■ To do ■
Excluding pictures, reproduce word for word the lines from the one containing "Byggesættet formidler principperne" through the end of the material below.

** Dataset excerpts follows **

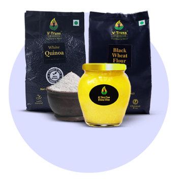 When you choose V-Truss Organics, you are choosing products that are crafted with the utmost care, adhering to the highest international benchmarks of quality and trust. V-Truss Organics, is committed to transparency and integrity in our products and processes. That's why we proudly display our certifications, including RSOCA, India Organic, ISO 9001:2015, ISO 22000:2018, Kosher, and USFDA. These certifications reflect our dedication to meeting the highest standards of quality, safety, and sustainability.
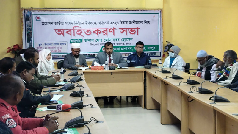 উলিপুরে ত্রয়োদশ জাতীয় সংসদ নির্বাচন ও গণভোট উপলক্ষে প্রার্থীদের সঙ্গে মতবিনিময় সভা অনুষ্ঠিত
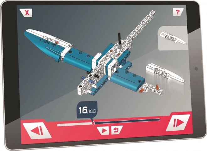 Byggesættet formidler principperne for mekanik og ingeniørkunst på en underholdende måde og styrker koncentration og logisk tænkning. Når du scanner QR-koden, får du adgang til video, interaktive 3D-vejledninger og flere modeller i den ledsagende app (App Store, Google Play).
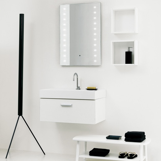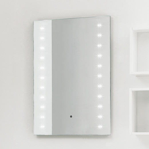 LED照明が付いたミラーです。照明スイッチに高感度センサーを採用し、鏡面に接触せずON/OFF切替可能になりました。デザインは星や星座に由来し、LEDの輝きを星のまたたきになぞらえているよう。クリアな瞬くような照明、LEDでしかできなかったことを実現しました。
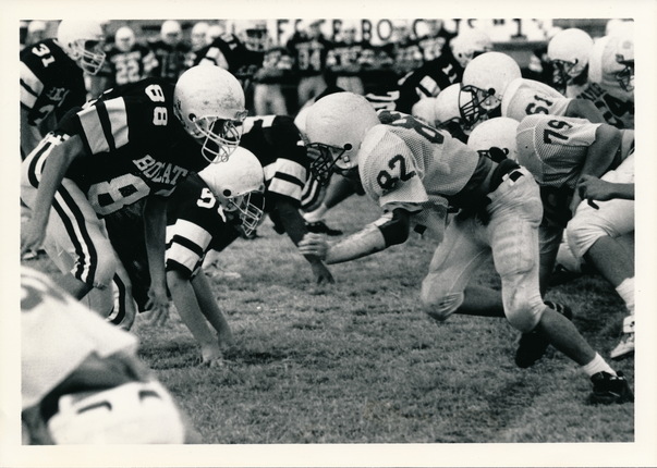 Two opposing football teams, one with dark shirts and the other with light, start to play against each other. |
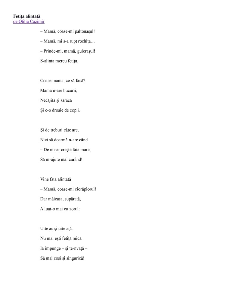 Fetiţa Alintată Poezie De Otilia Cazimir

** End of Dataset excerpts **

■ Exercise solution ■
 Byggesættet formidler principperne for mekanik og ingeniørkunst på en underholdende måde og styrker koncentration og logisk tænkning. Når du scanner QR-koden, får du adgang til video, interaktive 3D-vejledninger og flere modeller i den ledsagende app (App Store, Google Play).
 LED照明が付いたミラーです。照明スイッチに高感度センサーを採用し、鏡面に接触せずON/OFF切替可能になりました。デザインは星や星座に由来し、LEDの輝きを星のまたたきになぞらえているよう。クリアな瞬くような照明、LEDでしかできなかったことを実現しました。
 Two opposing football teams, one with dark shirts and the other with light, start to play against each other. |
 Fetiţa Alintată Poezie De Otilia Cazimir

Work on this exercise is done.